In all cases, you should question how adequately sampling locations and times represent exposure conditions at points of known or suspected exposure.
Health assessors must evaluate data quality whenever using sampling data. This is critical because public health conclusions need to be based on data of a known and high quality. Uncertainties and limitations should be acknowledged when this is not the case.

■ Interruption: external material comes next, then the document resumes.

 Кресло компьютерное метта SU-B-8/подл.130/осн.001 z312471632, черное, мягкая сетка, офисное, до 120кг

Data collected from different sources and for different purposes can be used in your evaluation if you deem the data are appropriate and of sufficient quality for examining site-related exposures. You will see a broad range of practices of documenting data quality in sampling reports. Some reports will have data quality narratives that provide an overall data quality assessment, followed by original laboratory data packages (which may be hundreds of pages). On the other hand, some reports may have very limited information on data quality — or perhaps be silent on this topic altogether. Health assessors should review as much information as necessary to confirm that the underlying data are of a known and high quality for supporting the PHA process. During this data review, you may also need to contact sampling program principal investigators for more information, as it is incumbent upon the data provider to demonstrate that data are of a known and high quality.

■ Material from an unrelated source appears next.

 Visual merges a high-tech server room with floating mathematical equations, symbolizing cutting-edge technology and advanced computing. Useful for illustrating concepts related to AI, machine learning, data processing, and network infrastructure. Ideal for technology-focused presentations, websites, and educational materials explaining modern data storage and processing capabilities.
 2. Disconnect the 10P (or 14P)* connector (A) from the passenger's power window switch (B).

In some cases, you may not be able to locate any information on data quality, even after contacting principal investigators. Your documents should identify such sampling data, note that the data are of unknown quality, and explain why those data do not factor into your site’s public health conclusions. This step is important because community members may be aware of the data sources that you exclude. Your documents should be transparent in terms of which data sources factor into your conclusions and why.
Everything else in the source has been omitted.